Urzędnicy amerykańscy i kanadyjscy twierdzą, że nadal próbują ustalić, co spowodowało, że izraelskie wojsko zabrało kanadyjskich obywateli z ich domów w Strefie Gazy.
„Szczerze mówiąc, boimy się o ich życie” – powiedział Khalil Alagha, szwagier jednego z trzech zaginionych Kanadyjczyków. Członkowie rodziny Alagha twierdzą, że Ahmed Alagha i jego dwaj synowie zostali zatrzymani w zeszłym tygodniu przez siły izraelskie.

Izraelskie wojsko potwierdziło w rozmowie z Canadian Press, że aresztowało co najmniej dwie osoby, ale w poniedziałek nie podało całkowitej liczby osób ani nie podała oficjalnych wyjaśnień, dlaczego są one przetrzymywane.

Ahmed urodził się w Kuwejcie, a pod koniec lat 90. przeniósł się do Toronto. To tam urodzili się jego synowie Borak (18 lat) i Haszem (20 lat) – poinformował w poniedziałek jego szwagier. Rodzina ostatecznie przeniosła się na Bliski Wschód.

PONIŻEJ KONTYNUACJA TEKSTU

Khalil i jego kuzynka Yasmeen Elagha przekazali, że wszyscy trzej mężczyźni mają obywatelstwo kanadyjskie i że zostali porwani przez siły izraelskie wcześnie rano w czwartek. Elagha powiedziała, że ​​Borak i Hashem również są obywatelami amerykańskimi.

Jak podała rodzina w sumie zabrano około 20 osób. Elagha określiła ich jako zakładników, a nie zatrzymanych, twierdząc, że rodzinie nie powiedziano, dlaczego zostali zabrani ani gdzie są przetrzymywani. Oboje kuzyni powiedzieli, że trójka młodszego rodzeństwa Boraka i Hashema, którzy również są obywatelami Kanady, a także ich matka Samar, która ma stałe miejsce zamieszkania w Kanadzie, nie zostali zabrani.

Obydwaj powiedzieli, że siły izraelskie wkroczyły do ​​domu rodzinnego we wspólnocie al-Muwasi, w pobliżu miasta Khan Younis  w czwartek około 5 rano czasu Gazy.
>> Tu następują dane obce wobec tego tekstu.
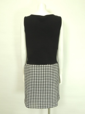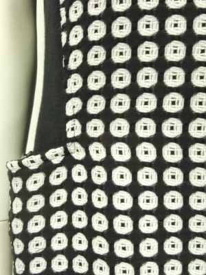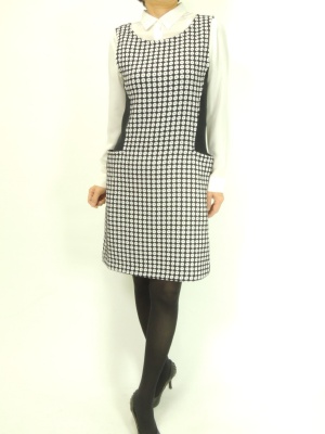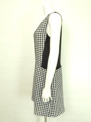 個性的な織りの白×黒ドットの生地が目を引くワンピース。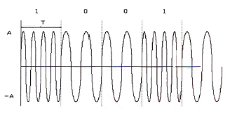 정현파의 주파수에 정보를 싣는 ASK 방식으로 2가지 진폭을 이용한다.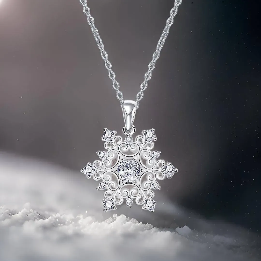 Krásný šperk s nádechem zimní romantiky vykládaný třpytivými krystaly Cubic Zirconia nejvyšší kvality AAA+ nádherně ozdobí dekolt každé ženy a navodí příjemně nostalgickou náladu. Tento náhrdelník je ideálním doplňkem pro zimní večírky a slavnostní příležitosti, kde jeho třpytivé krystaly odrážejí světlo jako ledové vločky. Precizní broušení krystalů zajišťuje jejich neodolatelný lesk a brilanci, zatímco jemný design přináší eleganci a sofistikovanost. Tento šperk je nejen krásným módním doplňkem, ale také symbolem romantiky a elegance, který zaručeně upoutá pozornost a potěší každou ženu.

Trzej mężczyźni, wraz z niepełnosprawnym umysłowo wujkiem i dwoma innymi dorosłymi krewnymi płci męskiej zostali zabrani przez Izraelczyków i nadal uznawani są za zaginionych.

Izraelscy żołnierze związali i zawiązali oczy członkom rodziny, kobiety i dzieci i umieścili je poza domem. Khalil powiedział, że później znaleźli ich sąsiedzi i wypuścili.

Izrael zmienił w grudniu zeszłego roku ustawę o przetrzymywaniu nielegalnych bojowników, zabraniając osadzonym spotykania się z prawnikami przez miesiąc i umożliwiając dyrektorom więzień przedłużenie tego okresu do 75 dni.

Środek ten stosowany jest wobec osób schwytanych w Gazie, w tym według doniesień wobec 82-letniej kobiety z Gazy cierpiącej na chorobę Alzheimera.

Rzecznik Departamentu Stanu USA Matthew Miller zapytany w poniedziałek, czy amerykańscy urzędnicy konsularni spotkali się z zatrzymanymi, powiedział, że amerykańscy urzędnicy „nie mają jasności co do sytuacji” i zwracają się do izraelskiego rządu o więcej informacji.

Minister spraw zagranicznych Mélanie Joly powiedziała, że ​​poruszyła tę sprawę ze swoim izraelskim odpowiednikiem, a także izraelskim oddziałem wojskowym działającym w Gazie.

„To dla nas najwyższy priorytet” – powiedziała w poniedziałek na Wzgórzu Parlamentarnym.

Dodała, że ​​sekretarz parlamentu Pam Damoff „była w kontakcie z rodziną”.

Joly dodała, że ​​nałożony przez izraelskiego premiera Benjamina Netanjahu wymóg ewakuacji Palestyńczyków z miasta Rafah w południowej Gazie przed kolejnymi atakami wojskowymi nie ma sensu, ponieważ całe terytorium jest niebezpieczne, a sąsiadujący z nim Egipt wzmocnił swoją granicę.

„To, o co prosi ich rząd Netanjahu, czyli o ponowne opuszczenie kraju, jest nie do przyjęcia, ponieważ nie mają dokąd pójść.”.